# The Valve Wizard

How to design valve guitar amplifiers!

Triodes with Local Negative Feedback

Applying local feedback in guitar amplifiers is fairly uncommon since most strive to maximise the available gain. It is practically de rigueur for hi-fi as it reduces distortion and output impedance, widens and flatten bandwidth, and high levels of gain are rarely needed. A stage with local feedback also makes quite a good mixer, which is useful for both guitar and hi-fi.

The higher the open-loop gain (that is, the higher the gain before feedback is added) the greater the loop gain and therefore the greater the distortion reduction and other benefits. Higher loop gain also makes the simplified formulae more accurate. High mu valves such as the ECC83 (12AX7), or even a pentode, are therefore often used.

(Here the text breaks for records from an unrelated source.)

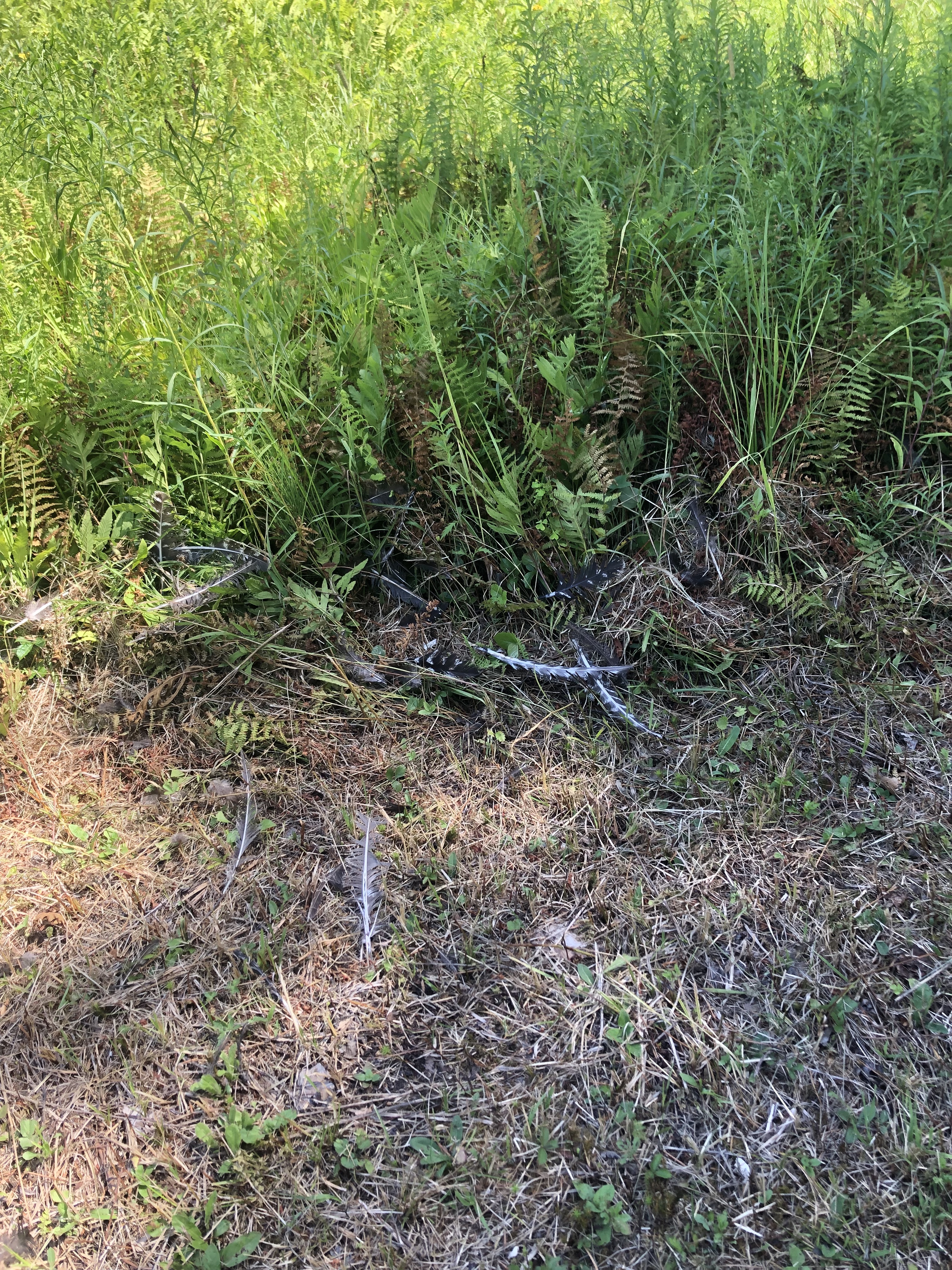 It’s a beautiful sunny day. By mid-afternoon, the heat is getting a bit too much for physical labour and so I decide to mow some of the land. In my second hour of mowing, behind the turkey coop, I see 2 patches of long feathers. Then against the section where I leave the long grasses grow, a big patch of feathers. Hmmmm.
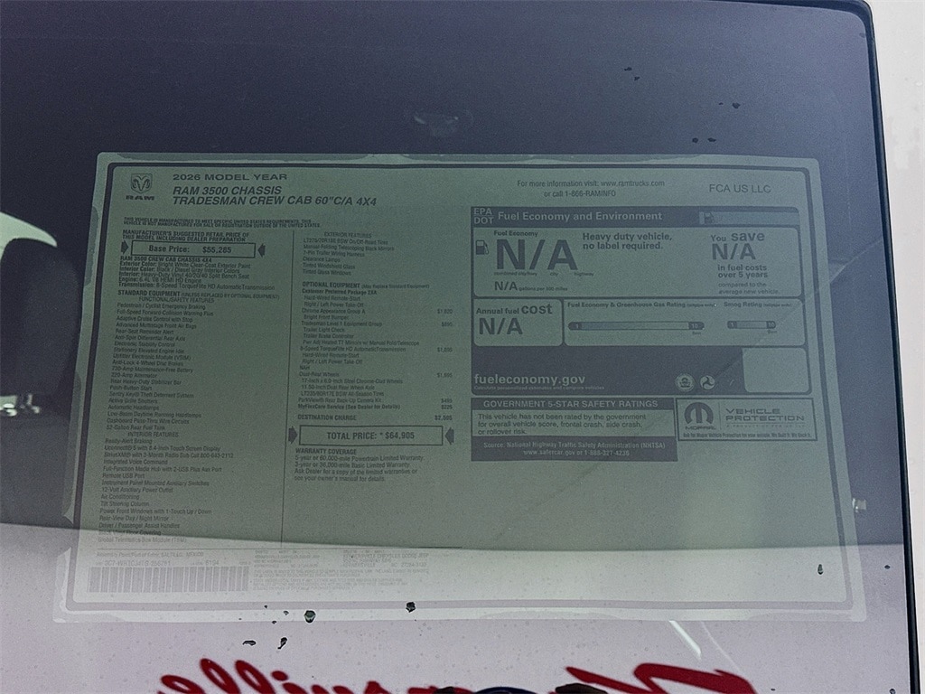MORE ABOUT THIS 2026 Ram 3500 Chassis Tradesman 60CA Dually Truck Crew Cab You won't want to miss this excellent value! It comes equipped with all the standard amenities for your driving enjoyment. All of the following features are included: delay-off headlights, tilt steering wheel, and 1-touch window functionality. Come down to our dealership, where you can browse our entire inventory in person.
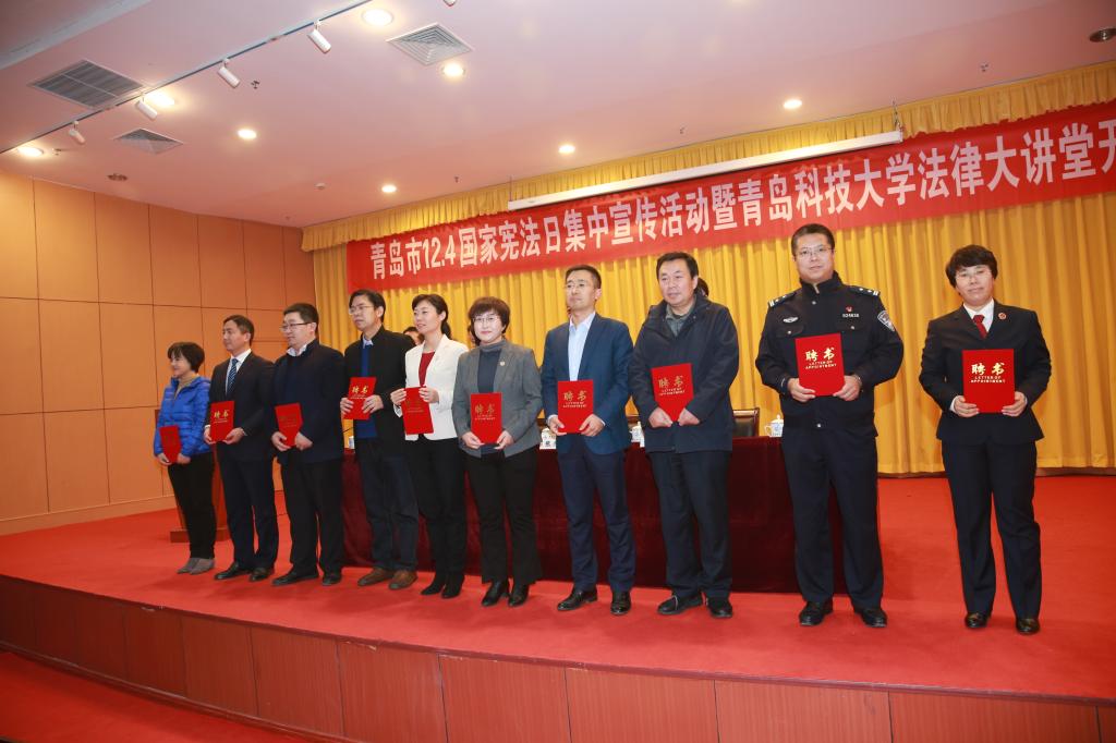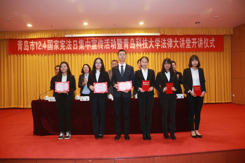 会上为包括我院宋敏、綦磊、张亮老师在内的青岛市“普法讲师团”讲师颁发了聘书,为近期学校开展的征文比赛、演讲比赛等国家宪法日系列活动的获奖同学颁发了证书。
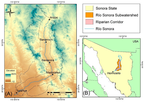 Location of study area. (A) Zoom in of the Riparian Corridor within the RSSW, elevation data shows large gradients along this stretch of the river. (B) Location of the Río Sonora Subwatershed (RSSW) within the state of Sonora.
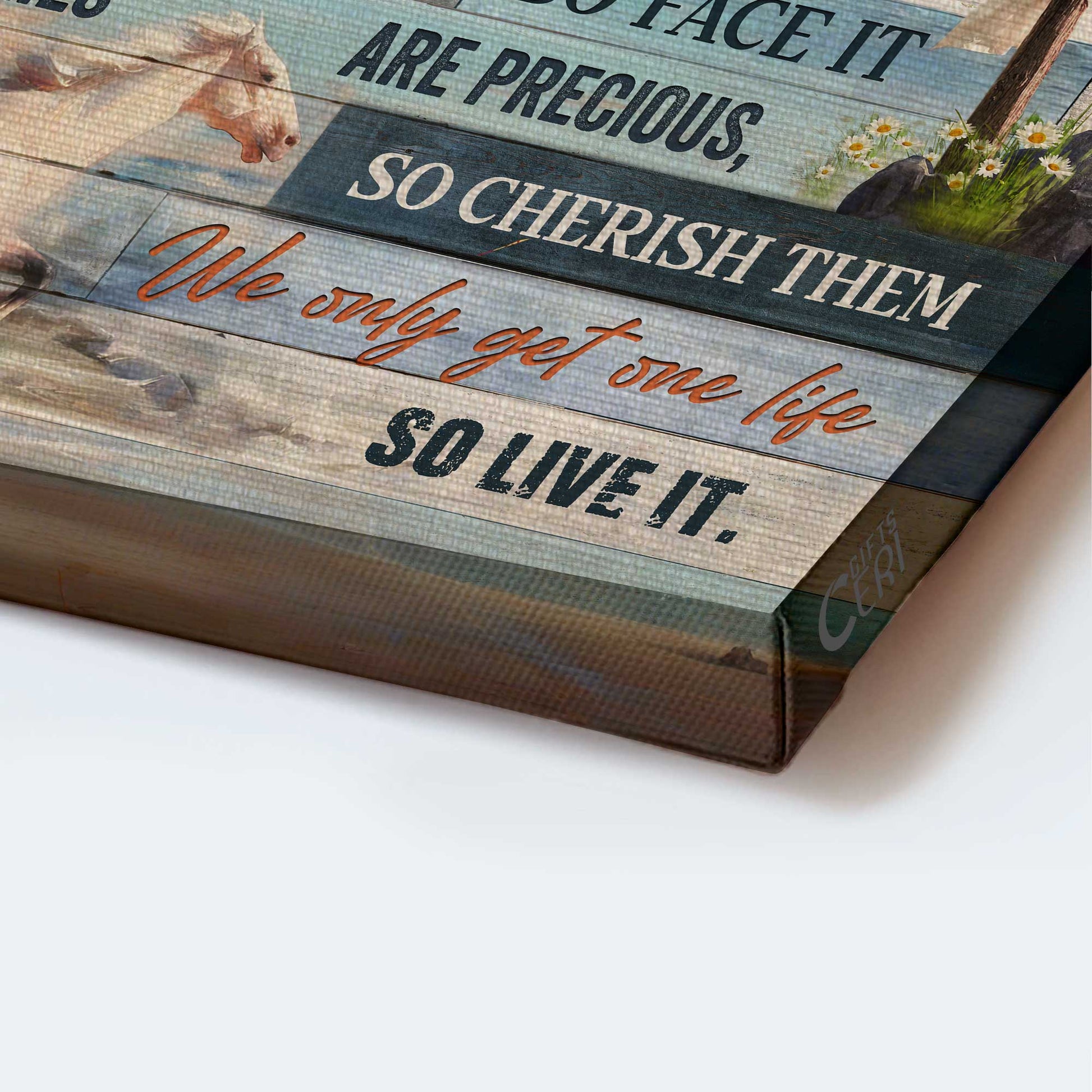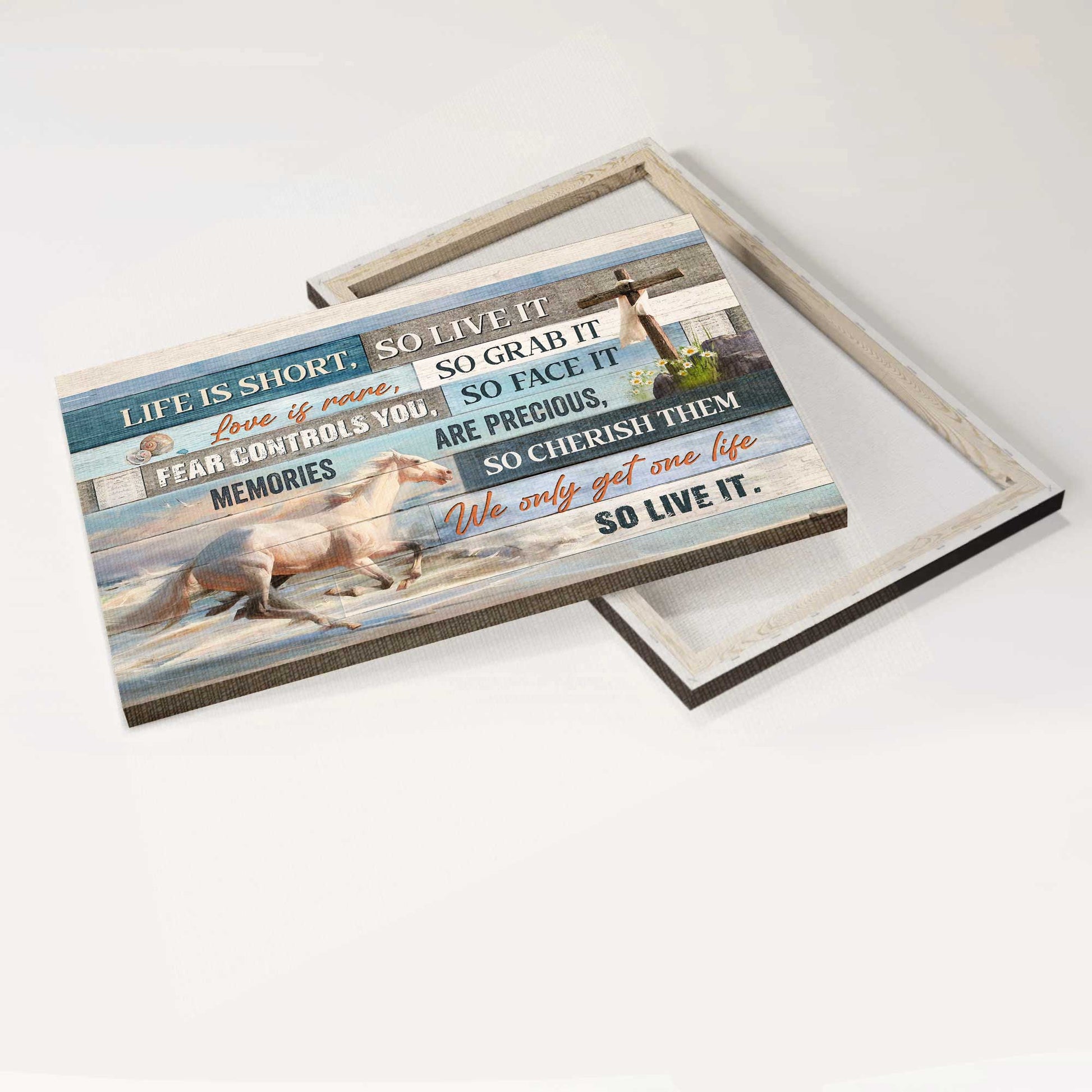 Jesus Landscape Canvas- Running horse, Wooden Cross- Gift for Christian- We only get one life so live it - Landscape Canvas Prints, Wall Art

Design begins in the same way as for a typical triode gain stage. Choose a suitable HT and anode load (Ra), usually in the region of 100k, or whatever value gives fairly high gain without being so large that it will be too easily loaded by the feedback components. Here is a load line assuming an HT of 280V:

Next choose a bias point in the usual way. In this case -1V looks good, for a quiescent anode current of 1.2mA. Use Ohm's law to find the value of bias resistor (Rk):
1 / 0.0012 = 833 ohms.
The nearest standard is 820R.

Although the cathode could be left un-bypassed it would reduce the open-loop gain and increase the output impedance, so we should add a cathode bypass capacitor. For a low roll-off of 10Hz:
C = 1 / (2 * pi * f * Rk)
C = 1 / (2 * pi * 10 * 820)
= 19uF
The nearest standard is 22uF, although an arbitrarily large value could be used. LED biasing would of course give a flat response down to DC.

Open-loop properties:
We can calculate the open-loop gain of the stage, either from the load line or by using the formula:
Ao = (Ra * mu)/(Ra + ra)
Ao = (100k * 100)/(100k + 55k)
= 64

We can also find the output impedance before feedback is applied:
Zoa = Ra || ra
Zoa = 100k || 55k
= 35.5k

Applying feedback:
We can now find values for the input resistor (Rs) and feeback resistor (Rf). Since the feedback resistor is effectively in parallel with the anode resistor, we should make its value large or it will load down the valve. Rf should therefore be at least three times larger than Ra, and preferably more. If we choose 1Meg we can be sure the open-loop gain will be hardly affected.
If we assume the stage is an ideal amplifier with zero output impedance and infinite open-loop gain we can find an approximate value for the input resistor Rs:
Av = Rf / Rs

Rearranging:
Rs = Rf / A
Rs = 1Meg / 10
= 100k
We will reconsider this shortly.

The grid-leak Rg can be the usual 1Meg, and C2 must be included to block the DC anode voltage from the grid (so it must be a high-voltage capacitor). If we use a typical value of 10nF is will create a high-pass cut-off frequency at:
f = 1 / (2 * pi * C2 * Rg * Ao)
= 1 / (2 * pi * 10nF * 1Meg * 64)
= 0.25 Hz, which certainly covers the whole audio band!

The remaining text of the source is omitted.